#### [Exercise materials]
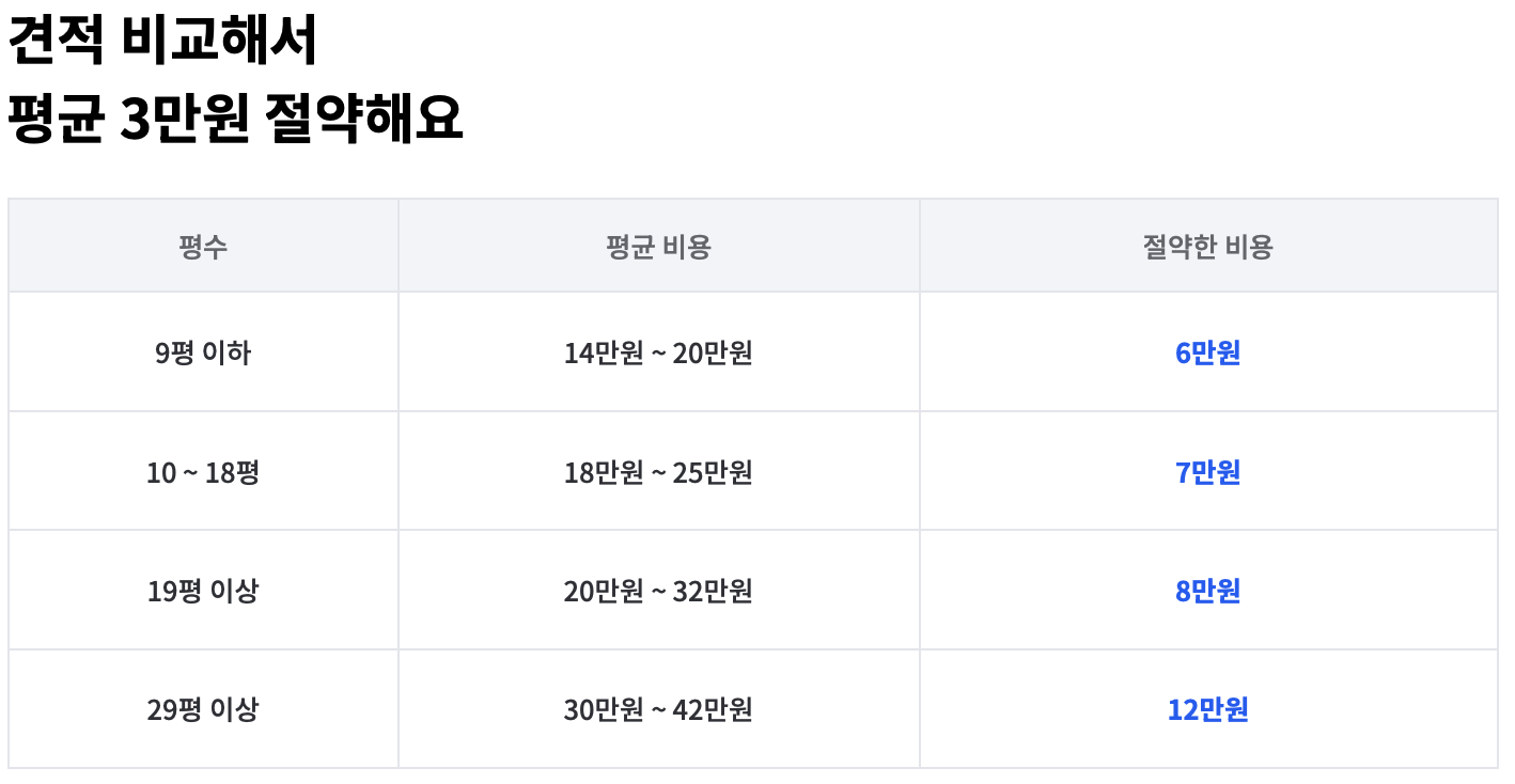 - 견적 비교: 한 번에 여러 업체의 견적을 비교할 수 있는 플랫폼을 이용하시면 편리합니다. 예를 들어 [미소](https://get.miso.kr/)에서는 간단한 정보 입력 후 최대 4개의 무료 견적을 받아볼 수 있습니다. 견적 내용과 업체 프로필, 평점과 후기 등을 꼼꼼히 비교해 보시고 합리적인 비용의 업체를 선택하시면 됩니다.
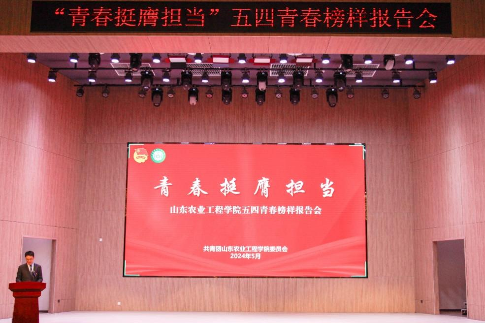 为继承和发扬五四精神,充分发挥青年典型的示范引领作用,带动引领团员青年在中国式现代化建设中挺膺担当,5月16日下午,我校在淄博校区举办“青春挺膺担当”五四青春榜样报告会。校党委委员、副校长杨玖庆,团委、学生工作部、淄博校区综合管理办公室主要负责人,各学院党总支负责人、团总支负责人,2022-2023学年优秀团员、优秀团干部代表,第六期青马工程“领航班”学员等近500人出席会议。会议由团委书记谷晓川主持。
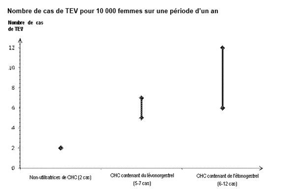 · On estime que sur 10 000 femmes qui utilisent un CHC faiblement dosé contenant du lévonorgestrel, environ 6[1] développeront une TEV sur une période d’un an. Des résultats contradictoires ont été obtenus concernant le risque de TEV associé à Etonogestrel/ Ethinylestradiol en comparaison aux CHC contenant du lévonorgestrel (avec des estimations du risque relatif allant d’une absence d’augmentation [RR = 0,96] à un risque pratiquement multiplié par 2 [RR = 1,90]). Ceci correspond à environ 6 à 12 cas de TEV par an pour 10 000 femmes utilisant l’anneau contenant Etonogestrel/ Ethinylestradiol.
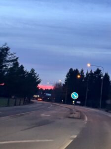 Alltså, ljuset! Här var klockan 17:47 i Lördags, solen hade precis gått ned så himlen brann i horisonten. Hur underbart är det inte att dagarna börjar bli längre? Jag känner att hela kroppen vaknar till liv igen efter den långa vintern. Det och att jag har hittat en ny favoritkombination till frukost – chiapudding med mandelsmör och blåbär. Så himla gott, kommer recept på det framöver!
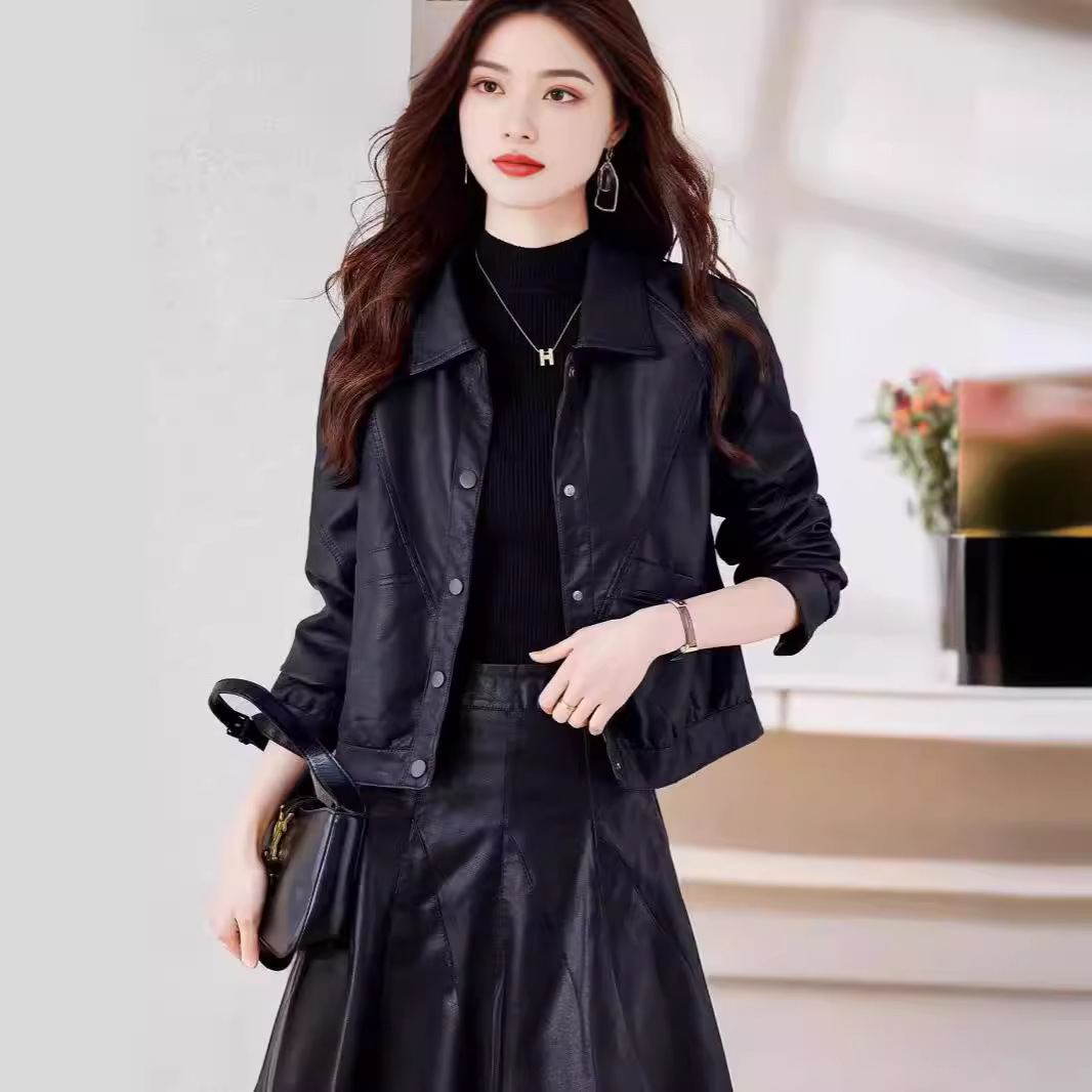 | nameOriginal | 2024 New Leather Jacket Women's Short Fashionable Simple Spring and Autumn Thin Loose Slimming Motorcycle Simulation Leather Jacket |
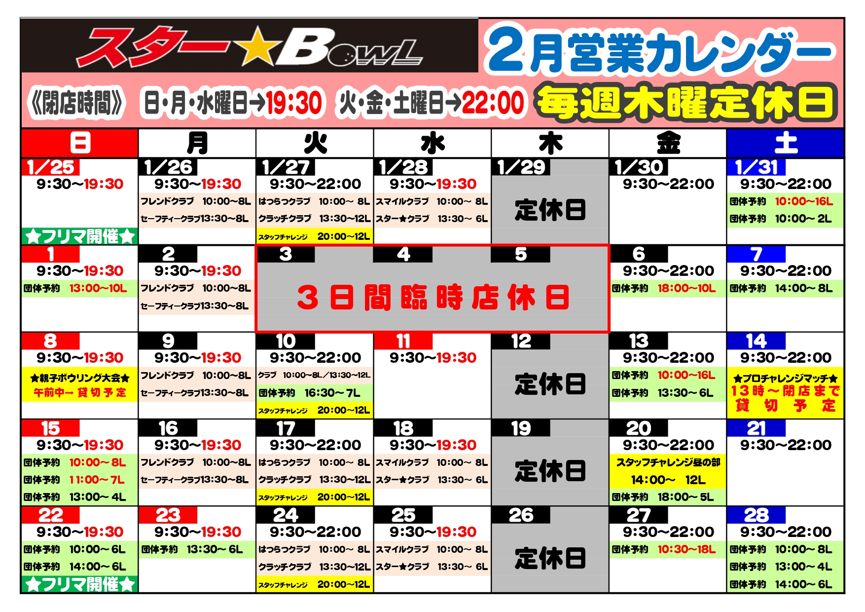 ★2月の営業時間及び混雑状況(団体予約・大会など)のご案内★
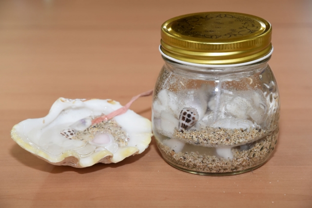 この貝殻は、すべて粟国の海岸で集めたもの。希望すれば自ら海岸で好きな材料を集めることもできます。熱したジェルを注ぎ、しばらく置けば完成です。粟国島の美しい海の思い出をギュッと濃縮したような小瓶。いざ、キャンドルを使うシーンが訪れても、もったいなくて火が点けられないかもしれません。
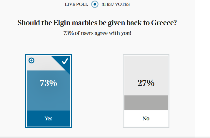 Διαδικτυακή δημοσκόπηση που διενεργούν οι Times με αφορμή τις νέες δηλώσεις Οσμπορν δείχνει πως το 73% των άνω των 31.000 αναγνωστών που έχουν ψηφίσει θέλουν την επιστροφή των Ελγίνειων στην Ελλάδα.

==

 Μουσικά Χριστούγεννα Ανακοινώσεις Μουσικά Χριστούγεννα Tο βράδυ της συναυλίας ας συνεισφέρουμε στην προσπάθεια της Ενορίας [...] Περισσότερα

#### [Problem description]
Above, find the line with "Leather Jacket |"; copy it and every line down to the line with "Διαδικτυακή δημοσκόπηση που", exactly and both included, but no pictures.

#### [Answer to the exercise]
 | nameOriginal | 2024 New Leather Jacket Women's Short Fashionable Simple Spring and Autumn Thin Loose Slimming Motorcycle Simulation Leather Jacket |
 ★2月の営業時間及び混雑状況(団体予約・大会など)のご案内★
 この貝殻は、すべて粟国の海岸で集めたもの。希望すれば自ら海岸で好きな材料を集めることもできます。熱したジェルを注ぎ、しばらく置けば完成です。粟国島の美しい海の思い出をギュッと濃縮したような小瓶。いざ、キャンドルを使うシーンが訪れても、もったいなくて火が点けられないかもしれません。
 Διαδικτυακή δημοσκόπηση που διενεργούν οι Times με αφορμή τις νέες δηλώσεις Οσμπορν δείχνει πως το 73% των άνω των 31.000 αναγνωστών που έχουν ψηφίσει θέλουν την επιστροφή των Ελγίνειων στην Ελλάδα.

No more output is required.